The second I see Tina, hovering over me, thick, black blindfold in hand, the most powerful fury that I have ever experienced, stronger even than the pain of a few minutes, hours, days ago, overtakes me. The scene before me suddenly freezes, and dizzyingly, every second that I missed flashes before my eyes. Colors dance in front of me, blurred shapes of Newt and Grindelwald and Tina and others dash across my field of vision for a full two seconds. When I return to the present, Tina has staggered backwards, hands around her own throat, face rapidly turning blue.
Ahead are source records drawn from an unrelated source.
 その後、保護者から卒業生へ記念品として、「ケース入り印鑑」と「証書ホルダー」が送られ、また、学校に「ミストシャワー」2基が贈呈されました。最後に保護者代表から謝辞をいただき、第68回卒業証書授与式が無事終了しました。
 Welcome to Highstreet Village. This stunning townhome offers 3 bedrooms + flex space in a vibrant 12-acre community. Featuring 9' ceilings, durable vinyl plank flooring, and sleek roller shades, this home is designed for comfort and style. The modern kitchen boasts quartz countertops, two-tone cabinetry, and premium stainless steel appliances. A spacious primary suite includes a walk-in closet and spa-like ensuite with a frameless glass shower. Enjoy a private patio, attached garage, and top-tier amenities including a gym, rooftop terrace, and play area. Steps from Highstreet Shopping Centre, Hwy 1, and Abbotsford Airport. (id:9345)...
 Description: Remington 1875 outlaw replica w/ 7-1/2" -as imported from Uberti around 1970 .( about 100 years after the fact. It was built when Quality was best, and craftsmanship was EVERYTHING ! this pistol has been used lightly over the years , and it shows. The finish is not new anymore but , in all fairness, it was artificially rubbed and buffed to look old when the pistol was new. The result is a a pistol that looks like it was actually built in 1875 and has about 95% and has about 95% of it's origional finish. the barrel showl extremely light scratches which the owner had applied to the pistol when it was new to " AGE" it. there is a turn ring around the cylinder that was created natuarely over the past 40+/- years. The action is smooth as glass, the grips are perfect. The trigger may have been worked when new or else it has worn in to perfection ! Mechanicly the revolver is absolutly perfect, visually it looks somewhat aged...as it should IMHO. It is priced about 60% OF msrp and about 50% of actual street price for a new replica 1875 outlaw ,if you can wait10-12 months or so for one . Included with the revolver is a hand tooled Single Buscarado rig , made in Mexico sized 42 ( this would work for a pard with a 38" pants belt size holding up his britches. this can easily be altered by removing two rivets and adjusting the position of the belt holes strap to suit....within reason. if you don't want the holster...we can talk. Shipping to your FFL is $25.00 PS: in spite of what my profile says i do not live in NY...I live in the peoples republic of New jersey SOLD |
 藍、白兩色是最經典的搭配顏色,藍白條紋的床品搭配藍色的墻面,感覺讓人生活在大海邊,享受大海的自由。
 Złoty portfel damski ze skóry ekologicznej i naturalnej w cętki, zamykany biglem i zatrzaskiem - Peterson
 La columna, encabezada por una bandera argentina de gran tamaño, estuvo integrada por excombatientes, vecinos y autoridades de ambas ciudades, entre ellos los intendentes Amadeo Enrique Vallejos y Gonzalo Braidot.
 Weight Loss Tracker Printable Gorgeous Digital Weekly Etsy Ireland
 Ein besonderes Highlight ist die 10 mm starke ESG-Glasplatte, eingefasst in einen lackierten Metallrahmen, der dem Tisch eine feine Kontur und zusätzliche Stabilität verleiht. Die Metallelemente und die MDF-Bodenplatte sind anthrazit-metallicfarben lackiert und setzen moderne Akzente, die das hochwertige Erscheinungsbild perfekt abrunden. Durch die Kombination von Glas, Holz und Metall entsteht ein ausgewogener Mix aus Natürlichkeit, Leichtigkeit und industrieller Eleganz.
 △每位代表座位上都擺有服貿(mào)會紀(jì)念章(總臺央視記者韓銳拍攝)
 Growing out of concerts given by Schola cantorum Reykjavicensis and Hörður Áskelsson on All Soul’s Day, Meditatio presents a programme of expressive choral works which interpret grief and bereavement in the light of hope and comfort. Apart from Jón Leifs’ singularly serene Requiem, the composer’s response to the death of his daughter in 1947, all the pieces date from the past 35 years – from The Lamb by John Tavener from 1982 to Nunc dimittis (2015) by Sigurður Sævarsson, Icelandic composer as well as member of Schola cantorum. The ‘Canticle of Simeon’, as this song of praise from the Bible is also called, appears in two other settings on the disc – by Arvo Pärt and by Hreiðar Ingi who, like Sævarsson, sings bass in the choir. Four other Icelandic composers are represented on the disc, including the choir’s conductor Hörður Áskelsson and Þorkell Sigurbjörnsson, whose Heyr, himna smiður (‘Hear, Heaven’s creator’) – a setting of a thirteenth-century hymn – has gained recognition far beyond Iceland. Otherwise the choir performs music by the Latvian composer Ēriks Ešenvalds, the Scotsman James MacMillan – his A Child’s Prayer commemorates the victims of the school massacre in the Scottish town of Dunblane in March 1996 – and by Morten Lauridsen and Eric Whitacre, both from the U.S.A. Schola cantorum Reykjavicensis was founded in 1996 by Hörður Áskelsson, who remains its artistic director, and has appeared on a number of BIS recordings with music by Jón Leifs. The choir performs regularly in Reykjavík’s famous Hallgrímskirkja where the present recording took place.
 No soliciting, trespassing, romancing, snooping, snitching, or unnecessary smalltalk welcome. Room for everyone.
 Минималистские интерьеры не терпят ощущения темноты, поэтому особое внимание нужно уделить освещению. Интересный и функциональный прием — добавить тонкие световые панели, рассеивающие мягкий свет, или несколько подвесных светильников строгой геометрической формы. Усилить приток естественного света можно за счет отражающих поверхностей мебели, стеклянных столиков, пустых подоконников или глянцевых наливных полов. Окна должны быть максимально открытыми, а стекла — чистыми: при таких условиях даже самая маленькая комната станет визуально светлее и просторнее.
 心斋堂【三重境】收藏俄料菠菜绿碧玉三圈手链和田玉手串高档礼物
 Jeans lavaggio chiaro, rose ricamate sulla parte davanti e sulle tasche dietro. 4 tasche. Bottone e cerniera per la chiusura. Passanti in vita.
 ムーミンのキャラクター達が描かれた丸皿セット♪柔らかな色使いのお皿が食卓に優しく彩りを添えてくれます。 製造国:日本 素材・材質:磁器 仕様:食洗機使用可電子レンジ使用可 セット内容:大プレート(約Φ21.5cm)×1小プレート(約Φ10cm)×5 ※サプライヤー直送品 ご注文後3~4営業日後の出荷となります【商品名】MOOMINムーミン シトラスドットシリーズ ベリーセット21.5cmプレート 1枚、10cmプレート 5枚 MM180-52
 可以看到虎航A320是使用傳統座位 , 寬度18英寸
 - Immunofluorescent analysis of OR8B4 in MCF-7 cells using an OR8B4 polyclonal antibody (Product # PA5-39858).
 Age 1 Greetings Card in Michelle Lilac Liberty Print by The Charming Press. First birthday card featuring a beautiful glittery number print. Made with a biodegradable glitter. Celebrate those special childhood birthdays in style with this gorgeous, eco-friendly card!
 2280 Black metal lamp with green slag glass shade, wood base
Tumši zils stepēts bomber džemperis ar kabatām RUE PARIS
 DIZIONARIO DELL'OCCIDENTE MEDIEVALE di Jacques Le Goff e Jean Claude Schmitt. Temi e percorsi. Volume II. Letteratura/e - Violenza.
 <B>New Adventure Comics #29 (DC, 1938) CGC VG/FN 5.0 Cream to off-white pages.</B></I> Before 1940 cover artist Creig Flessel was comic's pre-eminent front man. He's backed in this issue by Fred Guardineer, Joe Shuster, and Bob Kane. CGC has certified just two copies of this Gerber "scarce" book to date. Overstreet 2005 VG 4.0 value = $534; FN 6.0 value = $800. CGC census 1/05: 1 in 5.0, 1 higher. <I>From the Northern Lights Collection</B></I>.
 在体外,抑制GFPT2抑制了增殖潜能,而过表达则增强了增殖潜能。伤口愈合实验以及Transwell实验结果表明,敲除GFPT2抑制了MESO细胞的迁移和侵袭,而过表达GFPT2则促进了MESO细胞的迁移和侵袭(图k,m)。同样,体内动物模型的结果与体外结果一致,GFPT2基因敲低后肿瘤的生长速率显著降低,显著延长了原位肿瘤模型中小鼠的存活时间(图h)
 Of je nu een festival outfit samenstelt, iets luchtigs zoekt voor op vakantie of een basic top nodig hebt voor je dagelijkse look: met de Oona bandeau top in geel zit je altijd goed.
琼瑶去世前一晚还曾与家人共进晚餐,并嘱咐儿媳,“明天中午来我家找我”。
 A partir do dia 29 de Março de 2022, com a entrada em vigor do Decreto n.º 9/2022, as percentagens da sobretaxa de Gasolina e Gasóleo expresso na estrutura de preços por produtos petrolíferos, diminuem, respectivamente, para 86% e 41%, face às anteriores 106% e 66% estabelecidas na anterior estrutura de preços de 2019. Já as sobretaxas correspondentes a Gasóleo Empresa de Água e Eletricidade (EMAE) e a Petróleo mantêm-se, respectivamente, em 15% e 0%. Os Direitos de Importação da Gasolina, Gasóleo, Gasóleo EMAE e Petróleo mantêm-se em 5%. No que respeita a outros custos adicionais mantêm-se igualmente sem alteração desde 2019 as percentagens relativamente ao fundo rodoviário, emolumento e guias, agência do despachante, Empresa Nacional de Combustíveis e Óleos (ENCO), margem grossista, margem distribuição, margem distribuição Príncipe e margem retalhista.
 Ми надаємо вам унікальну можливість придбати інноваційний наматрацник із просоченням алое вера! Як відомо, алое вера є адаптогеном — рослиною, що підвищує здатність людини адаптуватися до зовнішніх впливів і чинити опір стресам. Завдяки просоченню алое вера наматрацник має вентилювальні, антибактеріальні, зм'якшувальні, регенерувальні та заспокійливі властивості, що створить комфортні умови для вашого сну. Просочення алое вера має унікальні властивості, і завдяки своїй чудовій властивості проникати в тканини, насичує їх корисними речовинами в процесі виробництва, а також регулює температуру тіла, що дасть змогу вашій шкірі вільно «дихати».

Sickeningly, time slows down, starkly contrasting to the murky past events I just re-lived. 

Unable to break my gaze, I stand up shakily, vomit rising in my throat. Visions of my father's blank eyes staring up at the ceiling torment my head. My own scream mixes with Tina's gasps and struggle for air. Newt makes the connection quickly and, just as Tina's eyes begin to close and her knees give out, claps a rough hand over my eyes.

He quickly removes it, and time lurches forwards once again, slowing to its regular pace to reveal a half-passed out Tina on the stone floor of the cell, with Newt crouched beside her, Jacob standing to the side, eyes flitting between me and Tina like he's watching a Quidditch match. Unable to properly draw breath, I shakily sit on the floor, cold stone sinking into the fabric of my robes. 

Drawing my knees to my chest, I allow myself to sink into my mind, wishing to avoid notice and disappear altogether.

My shoulders tremble in my intense effort to suppress the waves of sadness and remorse flooding over me. Because I do not deserve to cry. 

I don't deserve guilt, or the opportunity to explain my evils, or Tina, or Newt, or Jacob, or Queenie, or any of the creatures. And the realization that I never have  suddenly unlocks in my brain. With an intense wish to fix this, my mind races, scouring the winding hallways of my brain cells for something I could use as an excuse. But there is none. 

"I killed my father." I do not mean to speak, I do not deserve to speak, but the words are shoved out of my mouth by some part of me that still believes in the power of apologies, "I got mad and his heart stopped. It was all my fault. I should have known what would happen. My poor mother... she was never the same. I murdered him. I'm a killer. My mother understood. She hid books that had any evidence that the Ravenclaw family has passed on the curse of telekinesis. Maybe if I had never known, maybe if I wasn't so caught up in figuring everything out, none of this would have happened." 

"Heidi..." Newt begins, saving Tina from using her undoubtedly hoarse voice. I hold up a hand, averting my eyes, head bowing, squeezing my knees a little closer to my chest. 

"I'm sorry," I begin, voice rising, breaking, "This isn't about me," a sob escapes my lips, and I cover my mouth with the back of my hand, closing my eyes. Part of me wishes I would cry and they would see how sorry and pitiful I am and forgive me. The more sinister part of my snaps at me to stop being ridiculous, that you don't deserve to cry and you certainly don't deserve their forgiveness, "As - as soon as this mess is over, I promise I'll leave." 

"No - " Tina croaks. I wince. I did that.  

"I'm sorry, Tina. But I've told you before - I always carry out promises," I say, memories of our first conversation outside the bank flashing through my mind.